In the theme of National Pancake week I wanted to offer a savory pancake recipe to the repertoire. Chicken pot pie is undoubtedly one of the world’s favorites. So, my thoughts were to nix the crust and use crepes instead. These luscious, creamy creations are well worth the time and effort; especially, if you plan to freeze half for later use. This is a big batch and if you so choose (as mentioned), can freeze half. Simply make 2 pans and freeze one for a lazy evening meal when time is of the essence. I made this recipe for Sunday dinner and served it with a simple side salad and popped the rest in the freezer. Novel idea! ;-)

pancakesIngredients

16 crepes (store bought or homemade)

5 cups chicken stock

6 green onions, diced

2 cup peas & carrots, frozen

1/2 cup mushroom, diced

2 garlic cloves, minced

1/4 cup flour

5 tablespoons butter

1 teaspoon pepper

1/2 cup white wine

5 cups chicken, cooked, shredded

1 tablespoon chives

1 tablespoon parsley

1 tablespoon dill

1 teaspoon lemon zest

1 tablespoon lemon juice

pinch of nutmeg

1/2 cup cheddar cheese

Turkey-Pot-PieFilling:

Directions

Melt 2T butter and saute onions, garlic and mushrooms stir in peas and carrots.

Sauce:

Directions

Melt 3 T butter whisk in flour to make a roux stir in wine to make a stiff paste add enough broth to make thick gravy add stock gradually add rest of stock and cook down on low 20 minutes.

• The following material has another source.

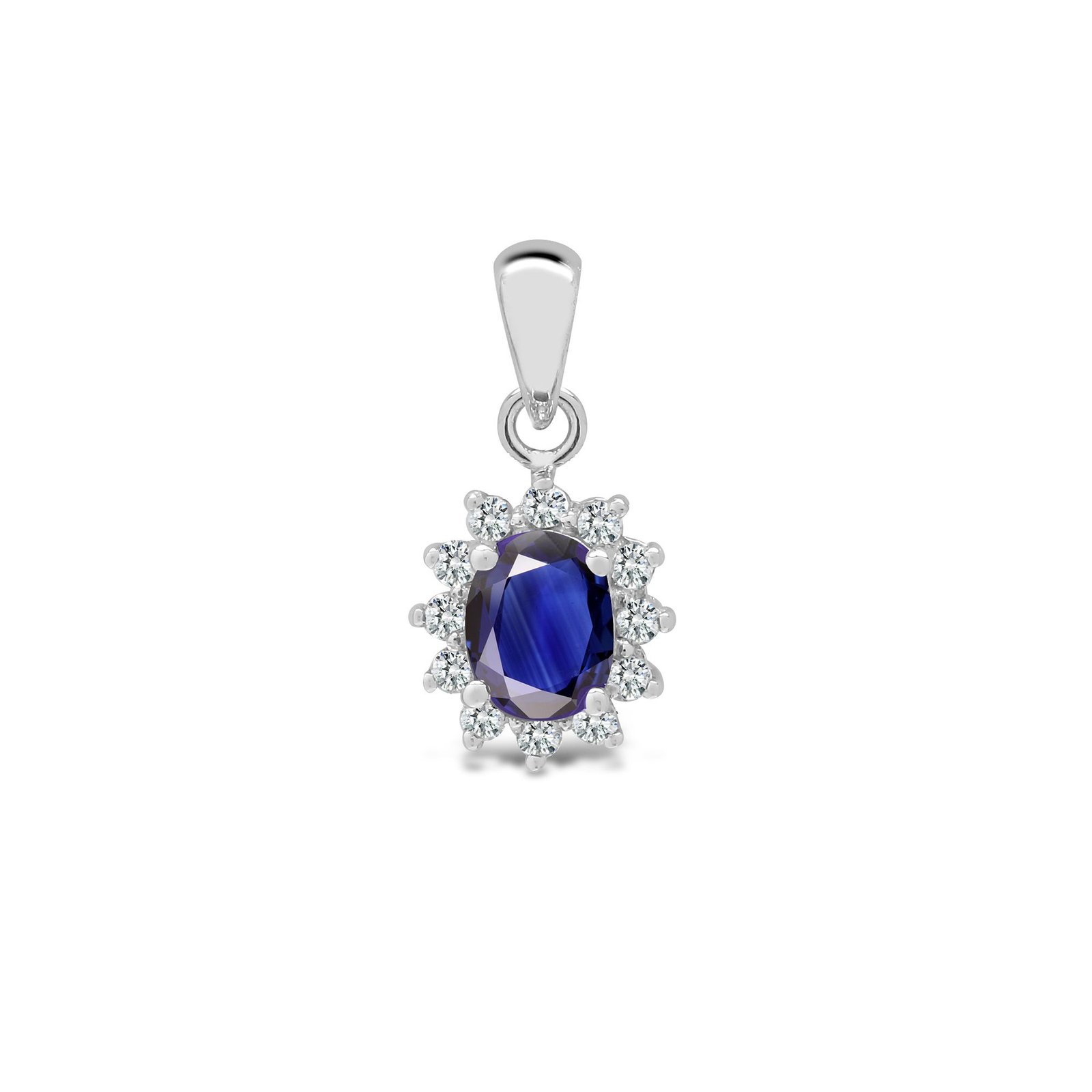 18ct White gold Natural Diamond 9pt and sapphire 52pt pendant. (Height includes bale/loop)

Season with nutmeg, salt & pepper to taste. Pour half sauce over and mix sautéed veggies. Add chicken and mix carefully. Mince the herbs fold into chicken mixture. Add zest and lemon juice pepper.

Preheat oven to 350.

Grease 9×13 baking dish put in 1 cup sauce over bottom. Spoon 1/2 c chicken mixture into each crepe roll into fat rolls. Arrange them seam side down in baking dish setting close together. Pour rest of sauce over top. Sprinkle with cheese. Bake until sauce is bubbling and cheese is golden brown about 35-45 minutes. In the frozen state simply bump up the baking time to 1 hour.